Держит основу навой; станок — разделяет тростинка;

Вот уж продет и уток меж острыми зубьями: пальцы

Перебирают его. Проводя между нитей основы

Зубьями берда, его прибивают они, ударяя.. .9

А что если бы довелось ему взглянуть на ткани нашего времени, из которых шьется ничего не прячущая одежда, не защищающая не только тела, но и стыдливости?

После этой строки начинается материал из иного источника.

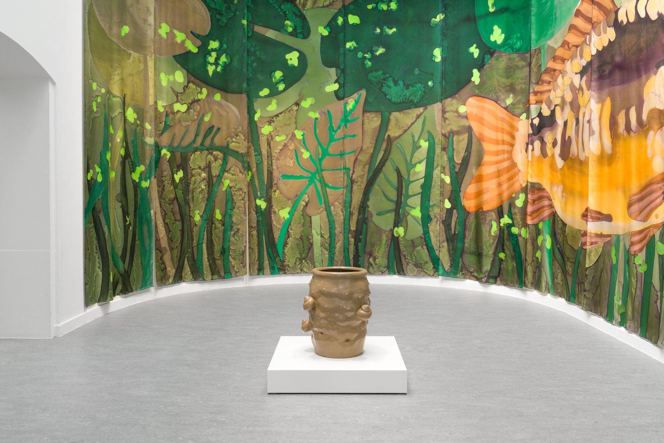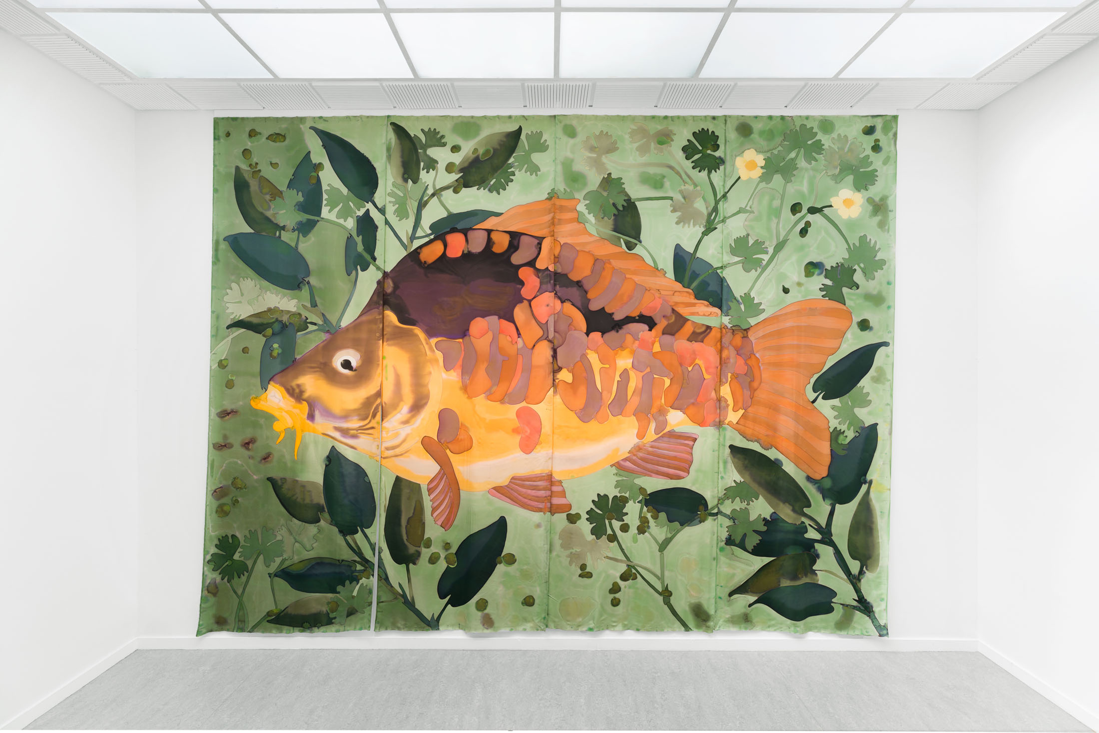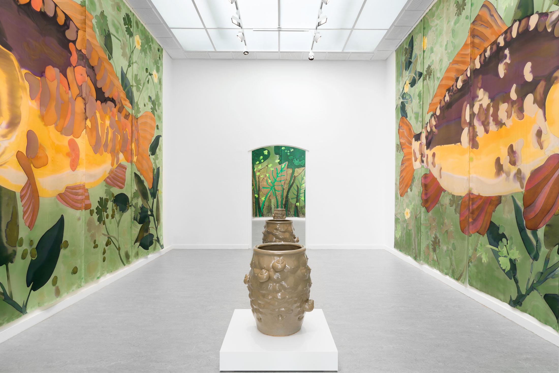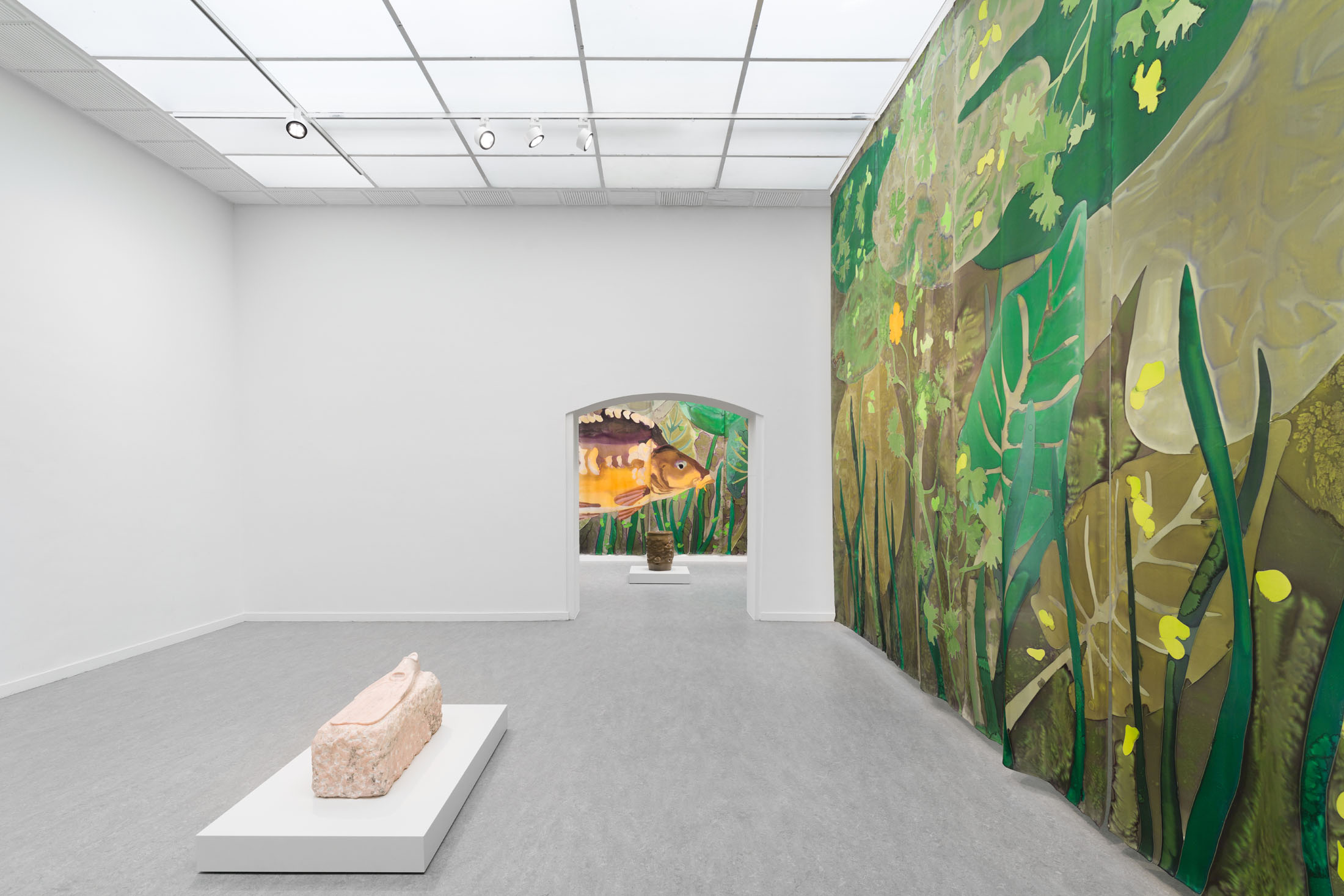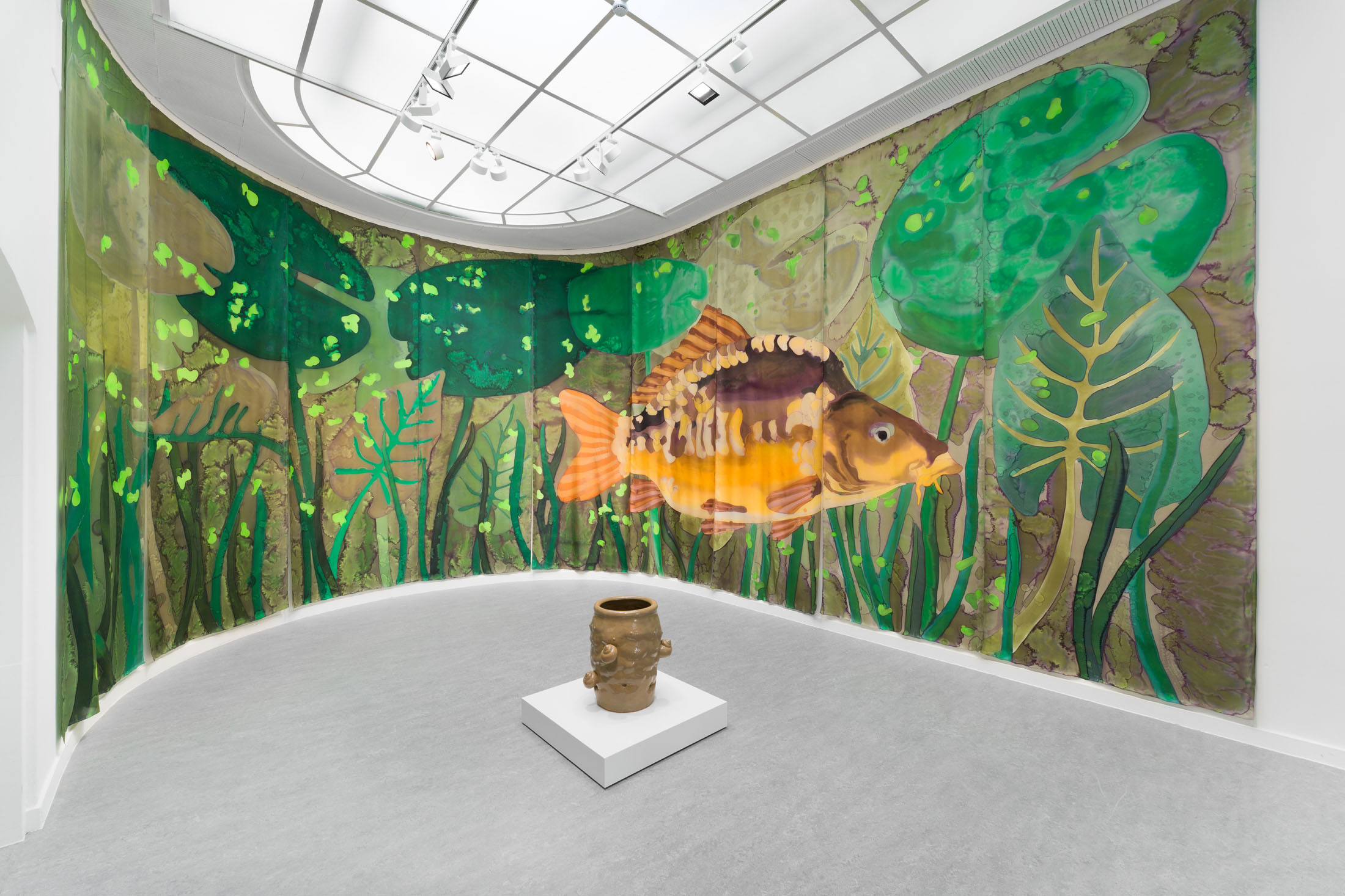 For their upcoming solo exhibition at Z33, Dewar and Gicquel are embarking on the production of a new monumental silk painting, which will stream through the five galleries of the historic Vleugel 58. For this epic painting, the duo have chosen to depict a river scene with freshwater fish. As companions to this immersive aquatic scene, Dewar and Gicquel will be presenting a new series of sculptures made of stoneware ceramics and pink marble.

(21) Потом он переходит к земледельцам и не менее красноречиво описывает землю, однажды и дважды пропаханную плугом, чтобы рыхлая почва легче давала путь корням, а после брошенное в борозды семя и травы, выполотые вручную, затем чтобы случайные дикие всходы не погубили посева. И это, по его словам, есть дело мудреца, как будто сейчас землепашцы не придумывают много новых способов увеличить плодородие. (22) А потом, не довольствуясь этими уменьями, он посылает мудреца на мельницу и в пекарню. Вот что он рассказывает о том, как мудрец, подражая природе, стал выделывать хлебы: «Зерна во рту дробятся твердостью зубов, когда они сходятся, а что не попадает под них, то язык подталкивает к тем же зубам; потом примешивается слюна, чтобы глоток легче проскользнул в горло; а попав в утробу, пища переваривается теплом желудка и лишь тогда переходит в тело. (23) Следуя этому примеру, кто-то положил один шероховатый камень на другой, наподобие зубов, половина которых неподвижна и ожидает движенья другой половины. Потом трением камня о камень он стал дробить зерна, перемалывая их вновь и вновь, пока они, растертые много раз, не измельчались совсем. Затем он полил муку водой и принялся усердно месить ее, пока она не стала податливой; тогда он вылепил хлеб, который сперва пекся в горячей золе и на раскаленных кирпичах; позже были изобретены печи и другие устройства, где жар послушен нашему усмотренью». Не хватает только, чтобы он и сапожное ремесло объявил изобретеньем мудрецов!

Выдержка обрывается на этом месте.